Extracted records:
- Opening Delimiter -
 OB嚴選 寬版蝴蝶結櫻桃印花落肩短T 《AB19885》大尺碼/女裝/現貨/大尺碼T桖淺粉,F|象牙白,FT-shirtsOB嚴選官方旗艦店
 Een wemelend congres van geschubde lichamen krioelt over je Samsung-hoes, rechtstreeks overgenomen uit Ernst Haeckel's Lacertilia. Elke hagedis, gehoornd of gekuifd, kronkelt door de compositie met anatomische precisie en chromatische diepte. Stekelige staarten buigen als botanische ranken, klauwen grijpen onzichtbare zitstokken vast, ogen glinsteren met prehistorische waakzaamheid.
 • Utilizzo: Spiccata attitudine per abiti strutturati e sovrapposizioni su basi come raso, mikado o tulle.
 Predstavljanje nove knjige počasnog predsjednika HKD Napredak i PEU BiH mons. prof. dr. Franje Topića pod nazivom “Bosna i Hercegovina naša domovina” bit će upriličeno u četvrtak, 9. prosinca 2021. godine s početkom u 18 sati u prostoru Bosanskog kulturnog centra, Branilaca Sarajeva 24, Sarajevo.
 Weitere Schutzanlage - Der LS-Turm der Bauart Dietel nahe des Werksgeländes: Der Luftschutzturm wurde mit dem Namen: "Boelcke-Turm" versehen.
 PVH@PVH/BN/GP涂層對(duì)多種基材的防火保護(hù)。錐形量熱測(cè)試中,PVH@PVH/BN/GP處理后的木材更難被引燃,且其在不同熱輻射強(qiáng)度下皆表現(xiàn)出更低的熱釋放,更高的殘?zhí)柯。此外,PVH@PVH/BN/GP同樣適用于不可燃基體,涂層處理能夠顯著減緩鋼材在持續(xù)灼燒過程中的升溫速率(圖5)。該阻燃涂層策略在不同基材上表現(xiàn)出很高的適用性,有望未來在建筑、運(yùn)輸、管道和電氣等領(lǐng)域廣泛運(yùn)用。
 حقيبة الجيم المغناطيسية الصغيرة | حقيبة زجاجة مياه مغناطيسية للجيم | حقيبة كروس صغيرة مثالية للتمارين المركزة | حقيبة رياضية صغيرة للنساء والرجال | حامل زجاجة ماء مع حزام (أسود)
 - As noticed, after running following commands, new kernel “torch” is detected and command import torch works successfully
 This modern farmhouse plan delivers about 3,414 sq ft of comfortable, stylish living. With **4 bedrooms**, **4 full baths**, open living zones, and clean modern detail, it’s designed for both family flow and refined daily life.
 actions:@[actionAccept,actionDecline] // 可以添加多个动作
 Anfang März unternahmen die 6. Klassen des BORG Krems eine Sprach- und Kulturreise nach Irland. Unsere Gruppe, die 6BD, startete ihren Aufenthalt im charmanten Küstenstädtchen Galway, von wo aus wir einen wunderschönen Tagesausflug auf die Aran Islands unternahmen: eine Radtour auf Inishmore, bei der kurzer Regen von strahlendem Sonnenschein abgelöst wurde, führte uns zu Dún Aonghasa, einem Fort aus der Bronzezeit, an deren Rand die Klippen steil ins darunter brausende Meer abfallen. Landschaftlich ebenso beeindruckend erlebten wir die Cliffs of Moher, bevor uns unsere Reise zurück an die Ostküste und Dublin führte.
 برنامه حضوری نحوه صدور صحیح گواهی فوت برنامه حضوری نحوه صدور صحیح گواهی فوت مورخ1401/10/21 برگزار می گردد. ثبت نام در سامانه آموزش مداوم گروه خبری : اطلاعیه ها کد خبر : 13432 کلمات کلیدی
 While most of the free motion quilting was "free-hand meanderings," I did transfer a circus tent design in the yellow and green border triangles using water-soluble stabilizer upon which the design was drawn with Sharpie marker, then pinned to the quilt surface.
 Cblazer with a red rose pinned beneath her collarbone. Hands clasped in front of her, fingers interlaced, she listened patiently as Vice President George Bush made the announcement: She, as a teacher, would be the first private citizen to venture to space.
- Closing Delimiter -
WORK ORDER: All that should be written out is the stretch of lines above between the one holding "PVH@PVH/BN/GP涂" and the one holding "- As noticed, after", inclusive, exactly as given.

RESPONSE AREA:
 PVH@PVH/BN/GP涂層對(duì)多種基材的防火保護(hù)。錐形量熱測(cè)試中,PVH@PVH/BN/GP處理后的木材更難被引燃,且其在不同熱輻射強(qiáng)度下皆表現(xiàn)出更低的熱釋放,更高的殘?zhí)柯。此外,PVH@PVH/BN/GP同樣適用于不可燃基體,涂層處理能夠顯著減緩鋼材在持續(xù)灼燒過程中的升溫速率(圖5)。該阻燃涂層策略在不同基材上表現(xiàn)出很高的適用性,有望未來在建筑、運(yùn)輸、管道和電氣等領(lǐng)域廣泛運(yùn)用。
 حقيبة الجيم المغناطيسية الصغيرة | حقيبة زجاجة مياه مغناطيسية للجيم | حقيبة كروس صغيرة مثالية للتمارين المركزة | حقيبة رياضية صغيرة للنساء والرجال | حامل زجاجة ماء مع حزام (أسود)
 - As noticed, after running following commands, new kernel “torch” is detected and command import torch works successfully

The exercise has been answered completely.